* Exercise data *
┄┄┄┄┄┄

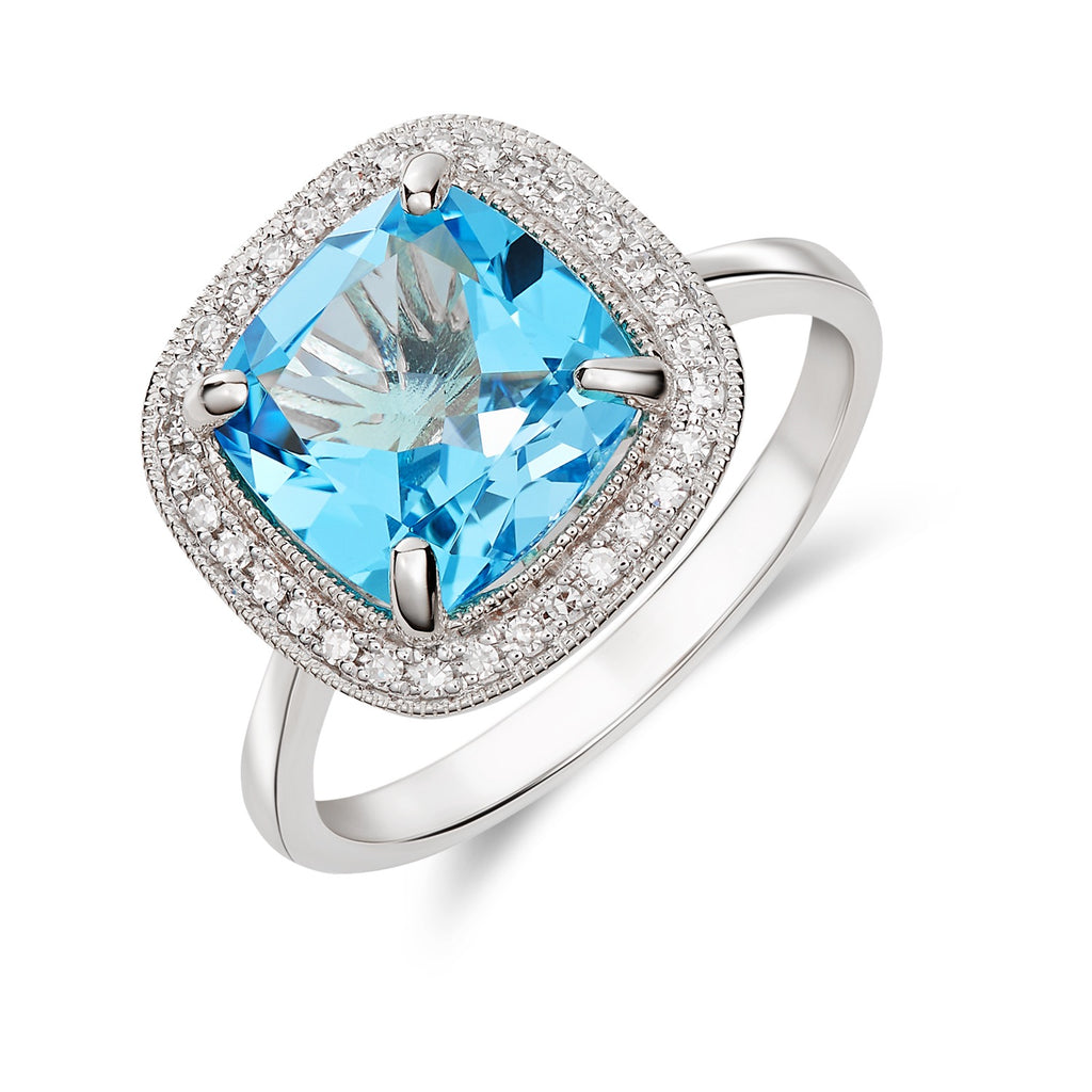9CT White Gold Cushion Swiss Blue Topaz & Diamond Cluster Ring 8mm
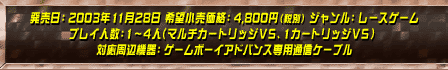 発売日:2003年11月28日(金) 希望小売価格:4,800 円(税別) ジャンル:レースゲーム プレイ人数:1人〜4人(マルチカートリッジVS、1カートリッジVS) 対応周辺機器:ゲームボーイアドバンス専用通信ケーブル
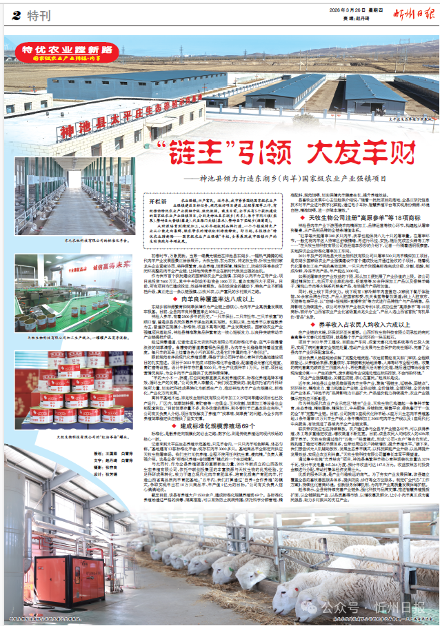 作为神池现代农业产业示范区“链主”企业,天牧生物已构建起一条集种羊繁育、生态养殖、精细屠宰、精深加工、中央厨房、冷链物流、销售平台、绿色餐厅于一体的全“羊”完整产业链。目前,公司拥有2座现代化种羊场、6座万只生态肉羊养殖基地、1条年屠宰15万只羊生产线、1条年精深加工3000吨肉羊生产线以及1座现代化中央厨房,有效促进了县域肉羊全产业链发展。
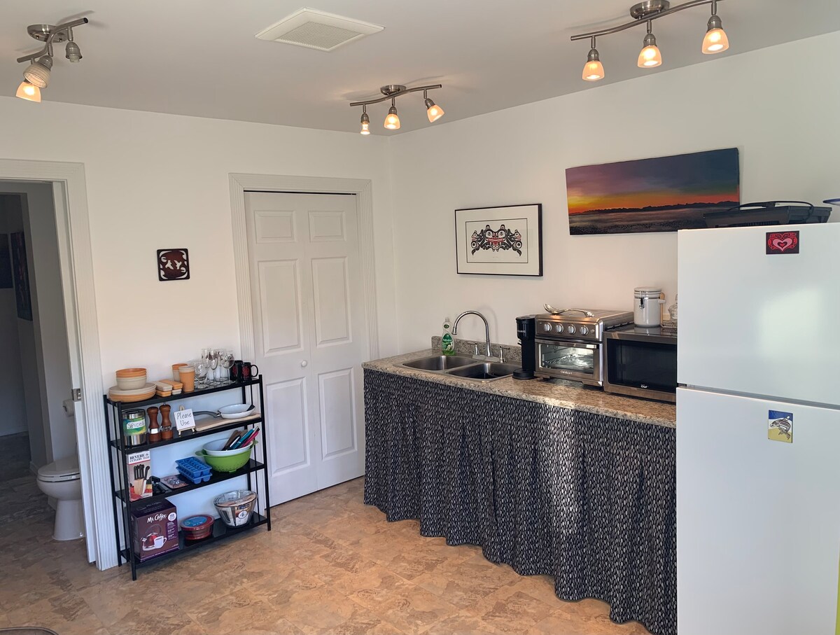 Nestled in the raw, breathtaking beauty of Haida Gwaii, in Daaging Giids, our newly build home stands as a peaceful sanctuary shaped by the rhythms of the land and sea. Thoughtfully designed and furnished, every detail reflects a deep respect for our guests and for the surrounding wilderness. Minutes from towering cedars, or the beach. This suite is not just built, but rooted -crafted to offer comfort, inspiration, and a quiet sense of belonging in one of the most soulful places on earth.
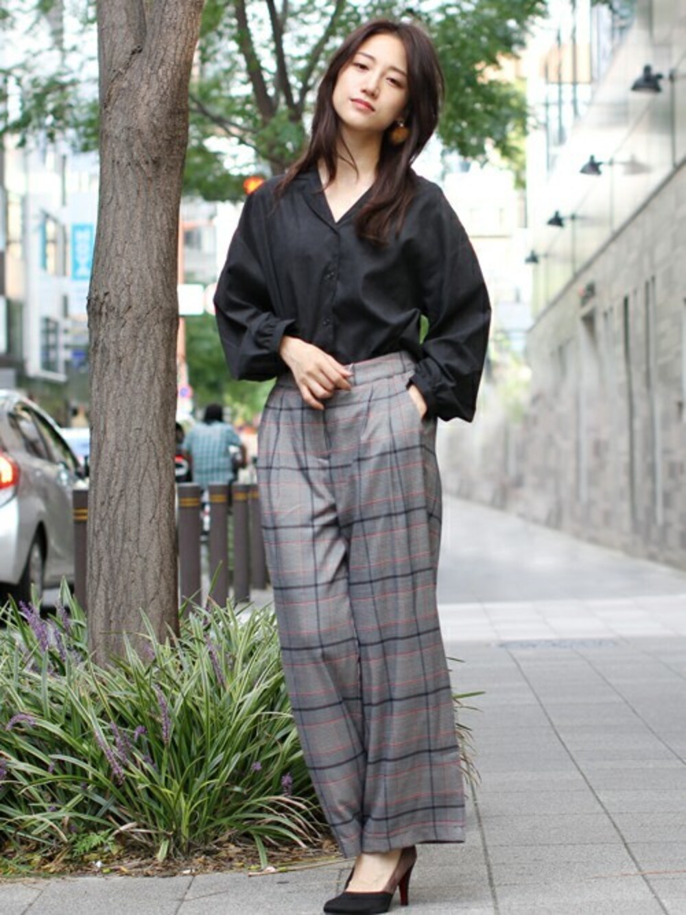 秋を感じるピーチスキン素材のオープンカラーシャツ。チェック柄のワイドパンツでクールにキメた大人スタイル。オフィスコーデにも◎
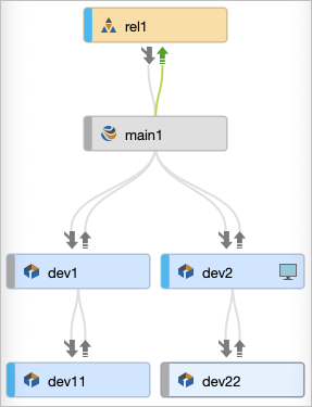 The mainline stream is the parent of rel1, dev1, and dev2.
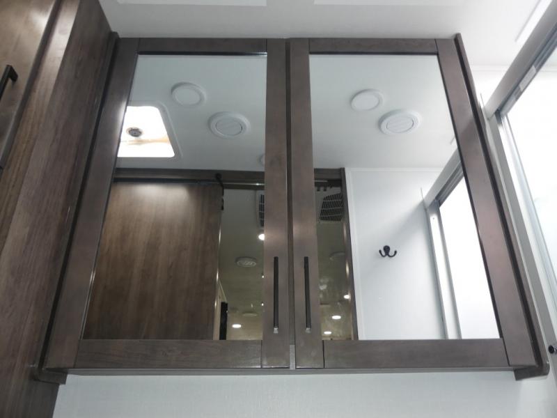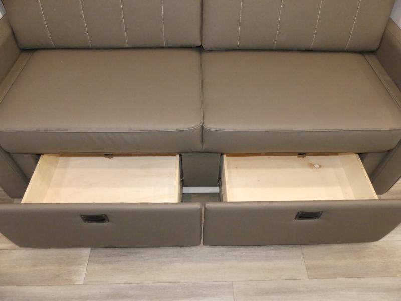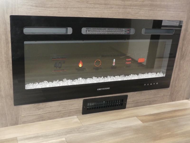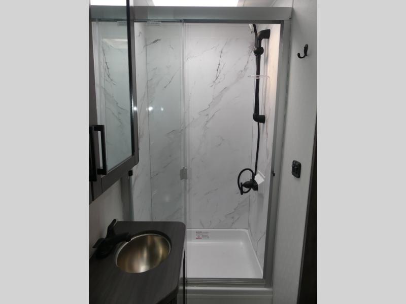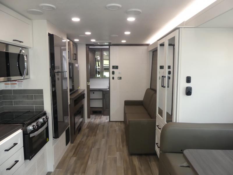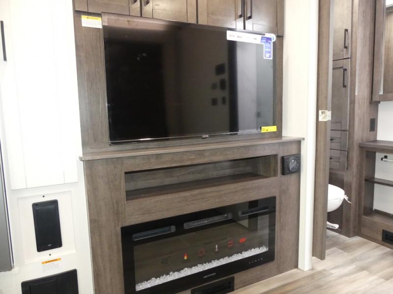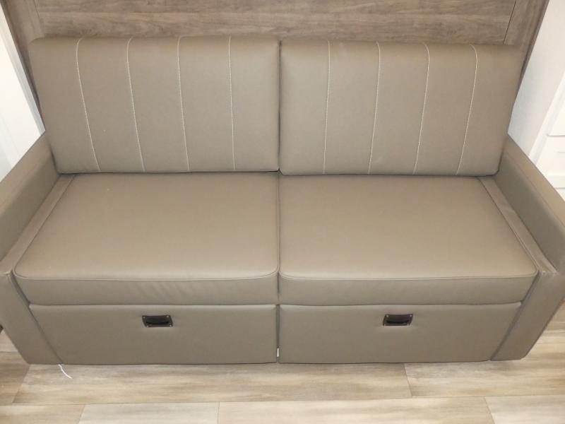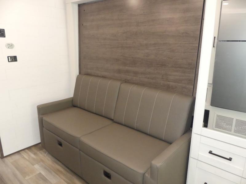 Enjoy a whole lot of comfort, fun and versatility in this coach! The queen Murphy bed and sofa combination allows you to convert between a living area and a bedroom, with a fireplace and an LED HD Smart TV. Outside, the exterior TV and 19' electric awning provide you an outdoor living space to enjoy nature and its beauty. The inside also provides a rear full bathroom including a space saving sliding door, linen storage, counter space for toiletries and a shower. You can dine at the U-shaped dinette or while sitting on the swivel captains chairs, and the cab-over bunk will be a perfect place to stay the night.
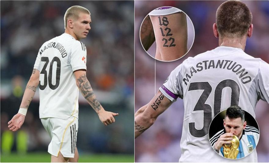 Ο 18χρονος έχει κάνει τατουάζ στο αριστερό του χέρι μια ημερομηνία που είναι σημαδιακή για την πατρίδα του. Το «18-12-2022» αναφέρεται στην ημερομηνία που η Αργεντινή κατέκτησε το Παγκόσμιο Κύπελλο του Κατάρ νικώντας στα πέναλτι τη Γαλλία.
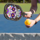 The Day of the Day celebrates the lives of the deceased with food, drink, parties, and activities the dead enjoyed in life. Dia de los Muertos recognises that death is a natural part of life, and the dead would be insulted by mourning or sadness. The most familiar symbol of the Day of the Dead is the Sugar Skull. Pickleball paddle with our spring floral pattern on black and a sugar skull with purple, yellow, blue and pink flowers in the centre.
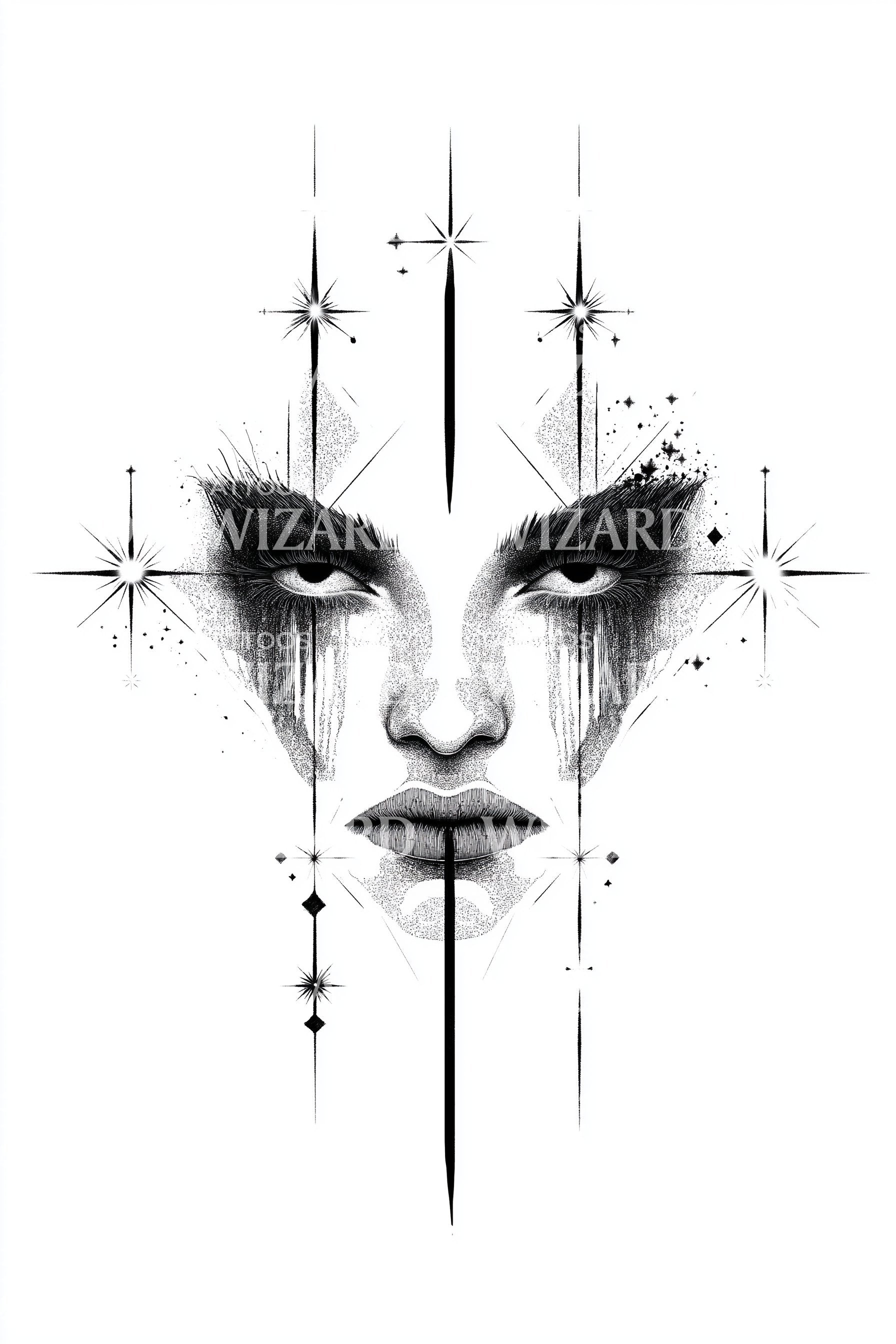 Starlit portrait etched in fine stipple and razor black lines, a mystic face framed by radiant stars and gravity-slim constellations. Tears trail as comets, carrying sorrow into light. Symbol of resilience and cosmic intuition, it clothes the wearer in calm power, night-born clarity, and fierce grace.
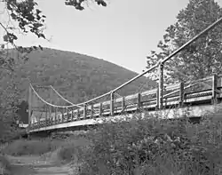 - ↑ "National Historic Landmarks & National Register of Historic Places in Pennsylvania". CRGIS: Cultural Resources Geographic Information System. Archived from the original (Searchable database) on 2007-07-21. Retrieved 2011-11-18. Note: This includes Susan M. Zacher and Vince Packard (n.d.). "National Register of Historic Places Inventory Nomination Form: English Center Suspension Bridge" (PDF). Retrieved 2011-11-18.
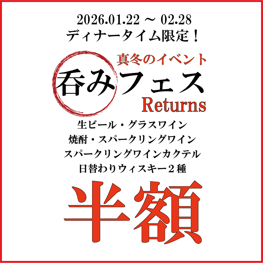 1月22日〜2月28日まで、焼酎・ハウスワイン・

┄┄┄┄┄┄

* Exercise directions *
From the line that contains "(PDF). Retrieved 2011-11-18." down to the final line of the entries above, please copy each line exactly, excluding pictures.

* Solution to the problem *
 - ↑ "National Historic Landmarks & National Register of Historic Places in Pennsylvania". CRGIS: Cultural Resources Geographic Information System. Archived from the original (Searchable database) on 2007-07-21. Retrieved 2011-11-18. Note: This includes Susan M. Zacher and Vince Packard (n.d.). "National Register of Historic Places Inventory Nomination Form: English Center Suspension Bridge" (PDF). Retrieved 2011-11-18.
 1月22日〜2月28日まで、焼酎・ハウスワイン・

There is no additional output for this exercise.